Rosja wobec eskalacji działań wojennych w Górskim Karabachu
Od czasu rozpoczęcia intensywnych działań wojennych w nieuznawanej na arenie międzynarodowej Republice Górskiego Karabachu prezydent Władimir Putin dwukrotnie (27 i 29 września) rozmawiał telefonicznie z premierem Armenii Nikolem Paszynianem; w obu przypadkach inicjatywa należała do strony armeńskiej. Minister spraw zagranicznych Siergiej Ławrow odbył rozmowy telefoniczne z jego odpowiednikami z Armenii, Turcji i Azerbejdżanu. Według informacji strony ormiańskiej, niepotwierdzonej dotąd przez Rosję, o sytuacji dyskutowali także sekretarze bezpieczeństwa Rosji i Armenii – Nikołaj Patruszew oraz Armen Grigorian. Duma Państwowa wydała specjalne oświadczenie dotyczące eskalacji konfliktu. Odnosząc się do deklaracji Turcji o gotowości wojskowego wsparcia Azerbejdżanu, rzecznik prasowy Kremla Dmitrij Pieskow zaznaczył, że warto powstrzymać się od takich zapowiedzi, które są „dolewaniem oliwy do ognia”.

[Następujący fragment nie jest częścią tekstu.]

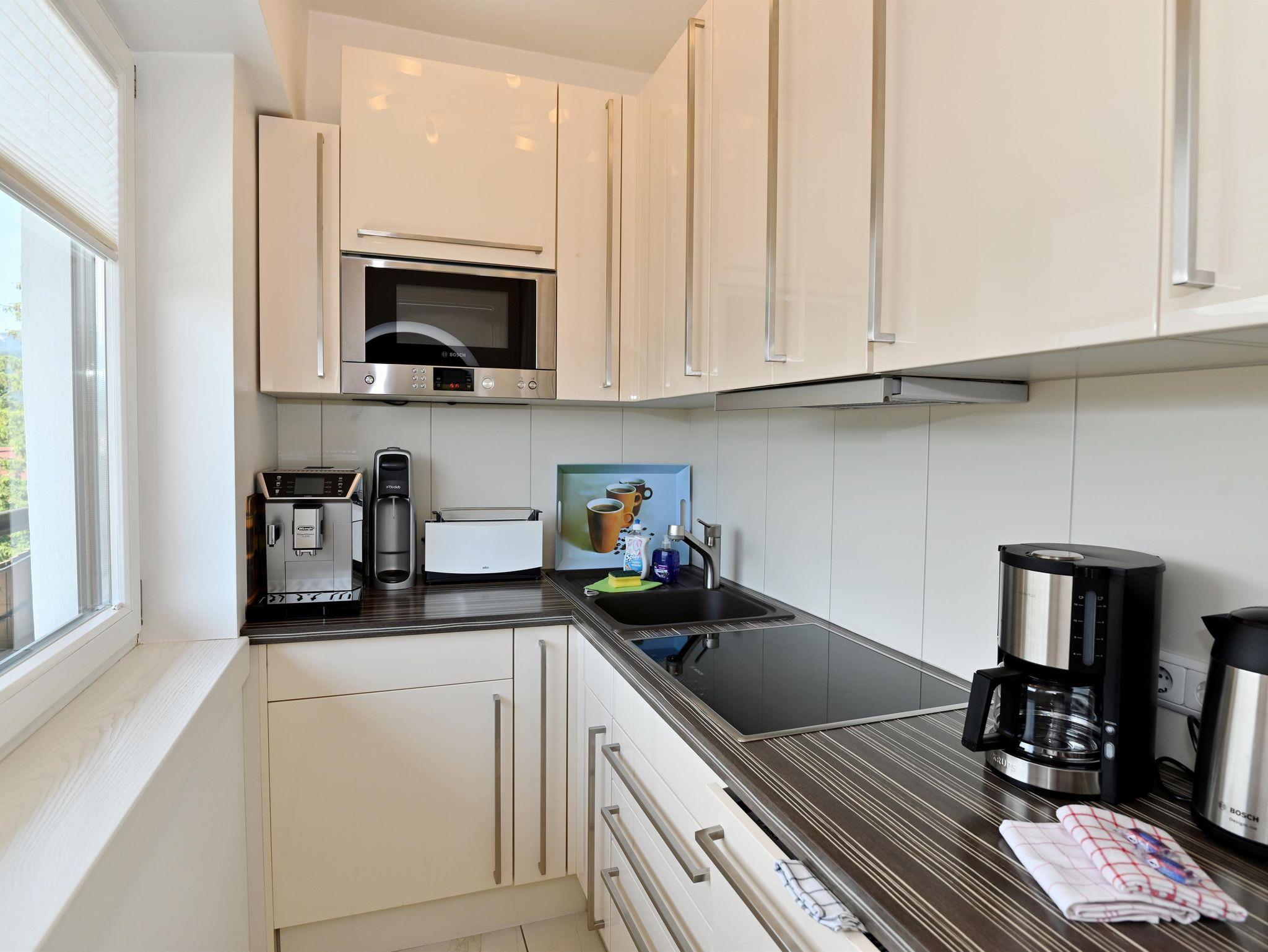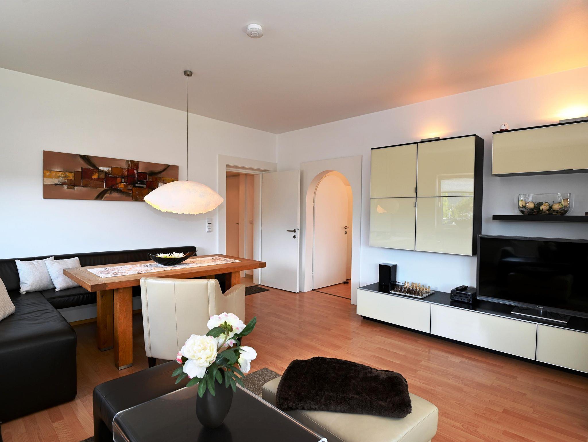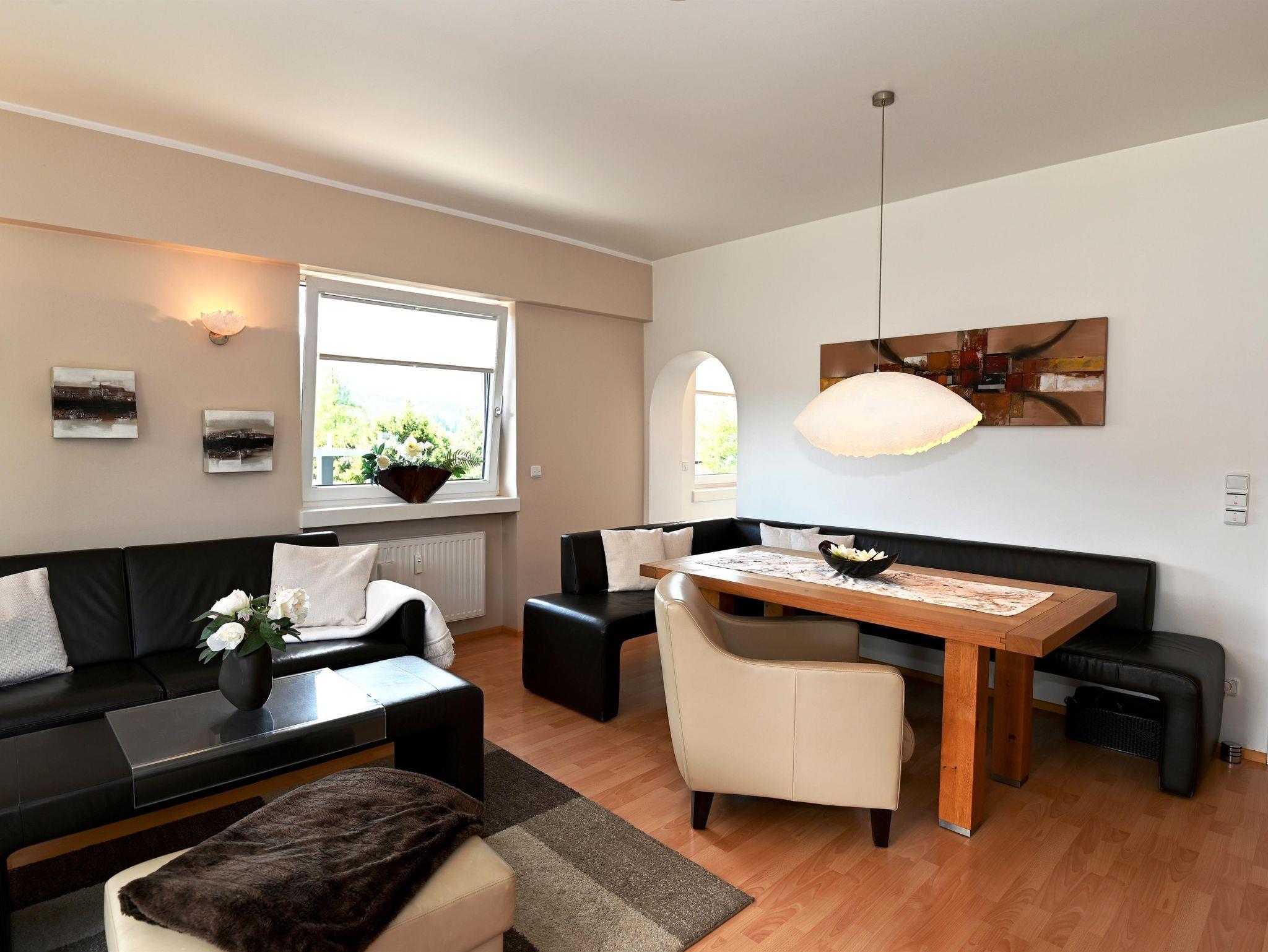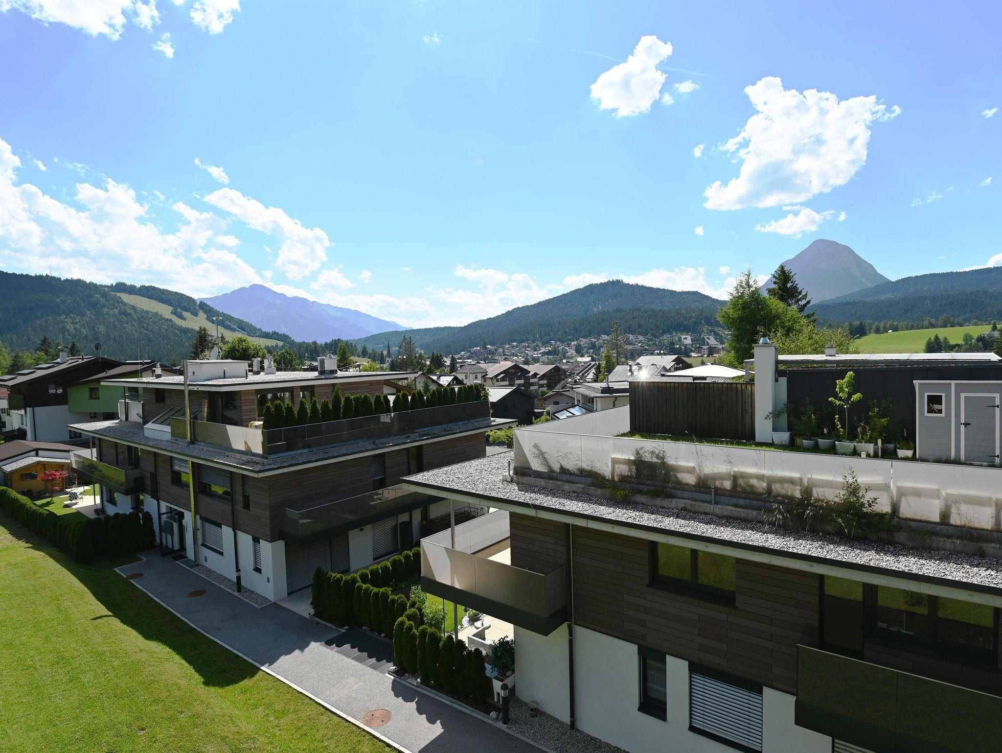 2-Zimmer-Luxus-Appartement***** (60 qm) mit 15 qm Südbalkon und gigantischem Ausblick auf Seefeld und die Alpen, hochwertige Ausstattung, Wohnzimmer mit einem großem Essbereich und einem Ledersofa – in dem noch ein zusätzliches Doppelbett integriert ist sowie neustem technischen Equipment: 2 LED-TV, Laptop, Fax, kostenlosem Internetzugang (WLAN), separates Schlafzimmer mit extrabreitem (2,20 m) Bett , geräumigen Schrank, hochmodernes Bad mit übergroßer Raindance-Dusche, vollausgestatte Küche.

Zgodnie z oficjalnymi komunikatami powyższe działania dyplomatyczne Moskwy ograniczyły się do wezwania do zaprzestania walk i do konsekwentnego nawoływania do podjęcia mediacji w ramach Mińskiej Grupy OBWE. Publicznie nie padła natomiast propozycja jakiejkolwiek nowej inicjatywy pokojowej. Rosja nie próbowała oskarżać żadnej ze stron o wszczęcie walk, starając się – w odróżnieniu od Turcji – nie opowiadać po którejkolwiek ze stron konfliktu. Oficjalnie nie zaoferowała także Armenii udzielenia pomocy wojskowej w ramach sojuszu wojskowego OUBZ. Przedstawiciele tej organizacji podkreślili, że Armenia nie zwróciła się do sekretariatu OUBZ o taką pomoc, a jej przyznanie byłoby w obecnej sytuacji niezasadne, bowiem walki toczą się na obszarze spornym, a nie na terytorium właściwym Armenii.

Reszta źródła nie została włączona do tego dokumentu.